Supplied data ->
----------

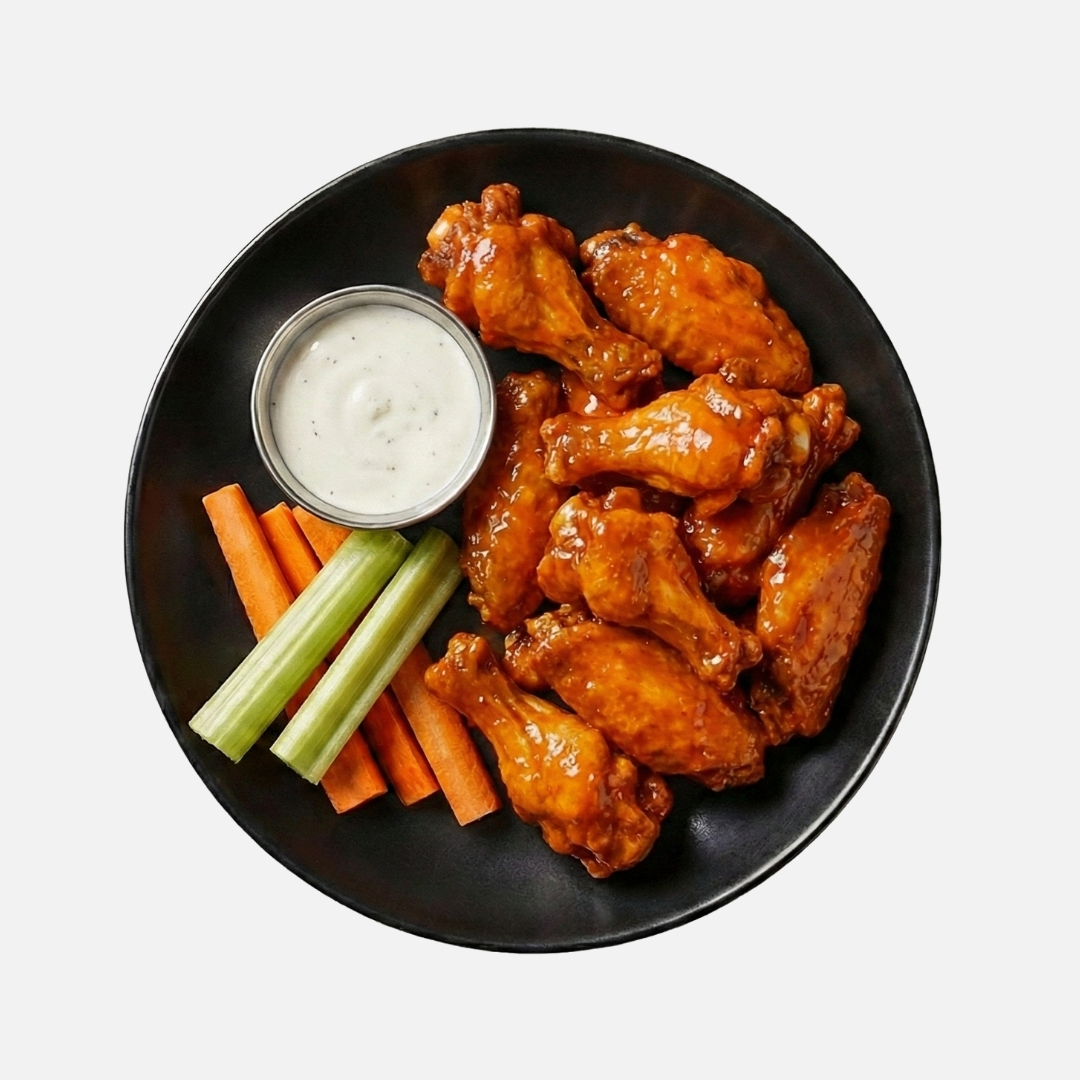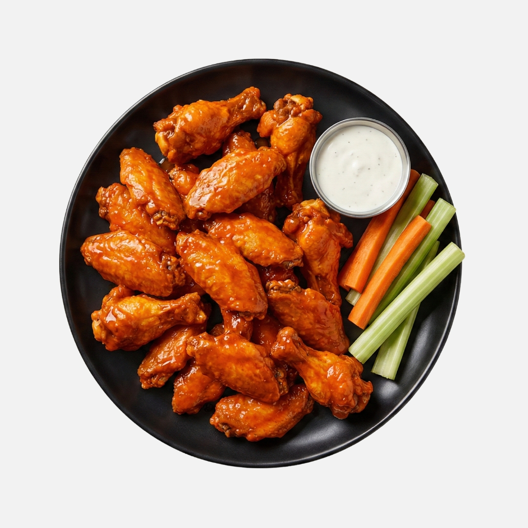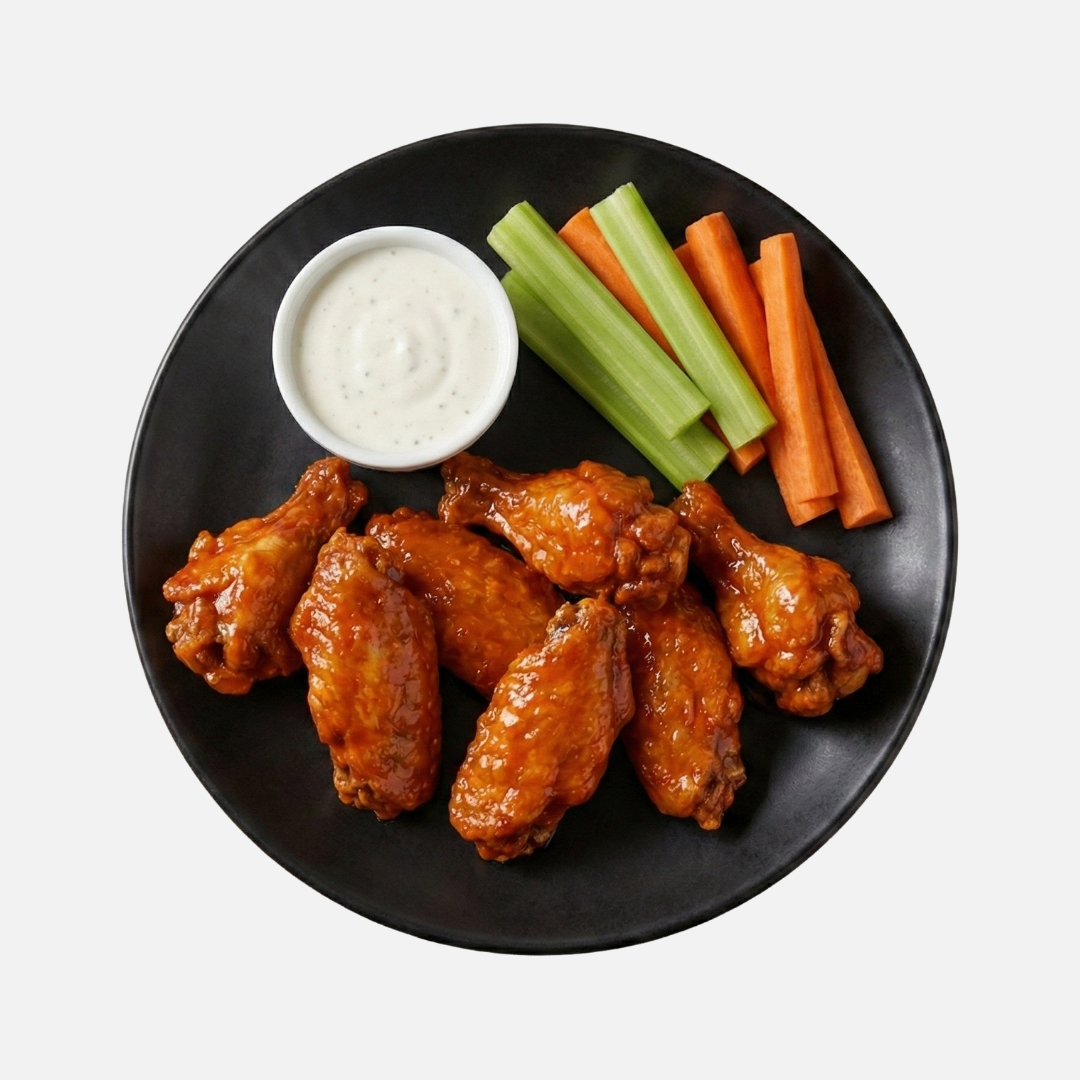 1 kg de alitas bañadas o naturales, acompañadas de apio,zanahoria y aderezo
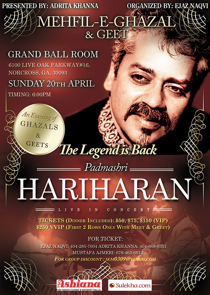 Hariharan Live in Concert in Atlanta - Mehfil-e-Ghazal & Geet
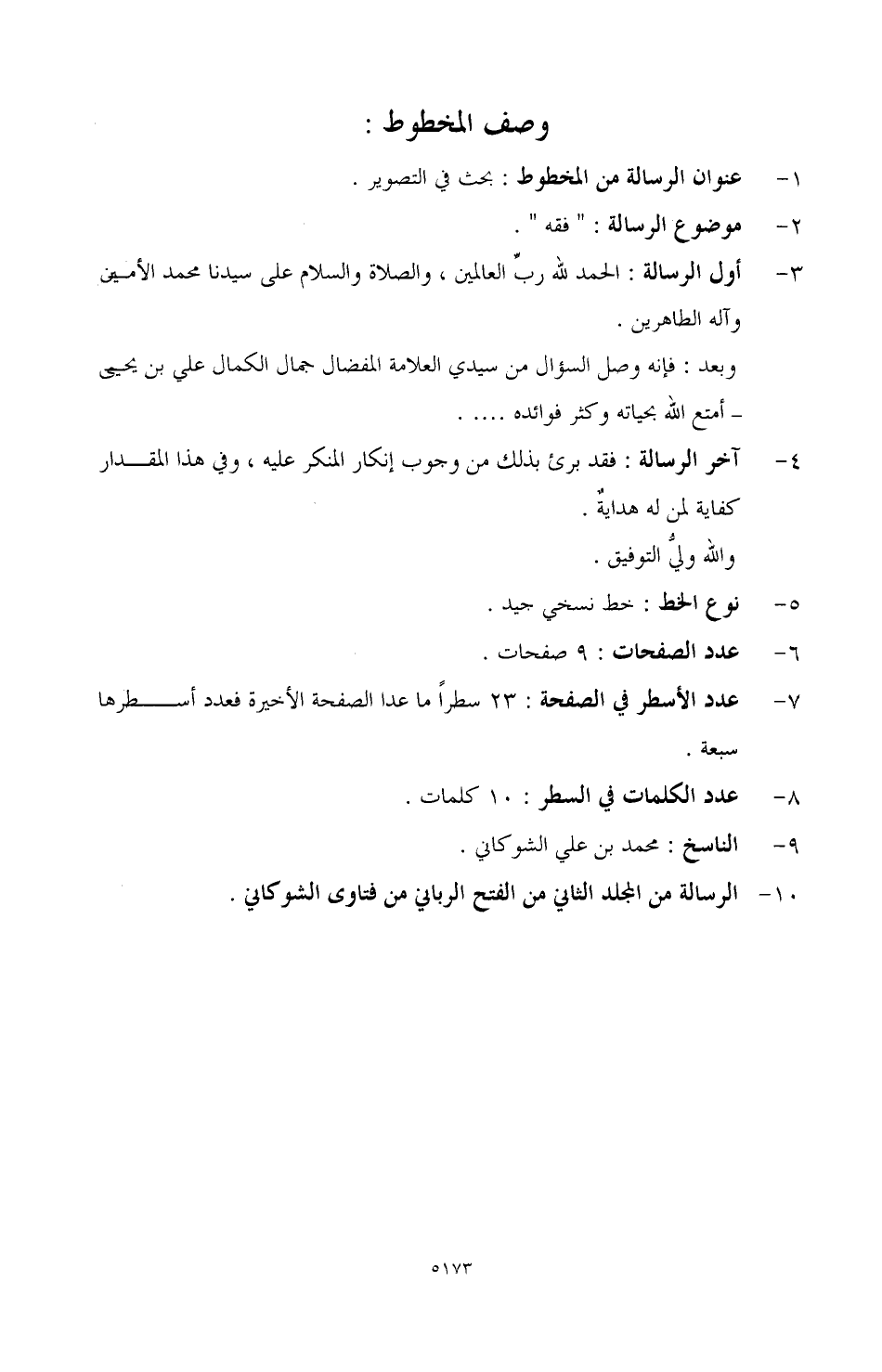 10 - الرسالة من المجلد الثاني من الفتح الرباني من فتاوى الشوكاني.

----------

Exercise goal ->
Please retype, exactly as they appear, the lines from the one with "Hariharan Live in" through the final line of the material, both included, and drop any pictures.

Result for this task ->
 Hariharan Live in Concert in Atlanta - Mehfil-e-Ghazal & Geet
 10 - الرسالة من المجلد الثاني من الفتح الرباني من فتاوى الشوكاني.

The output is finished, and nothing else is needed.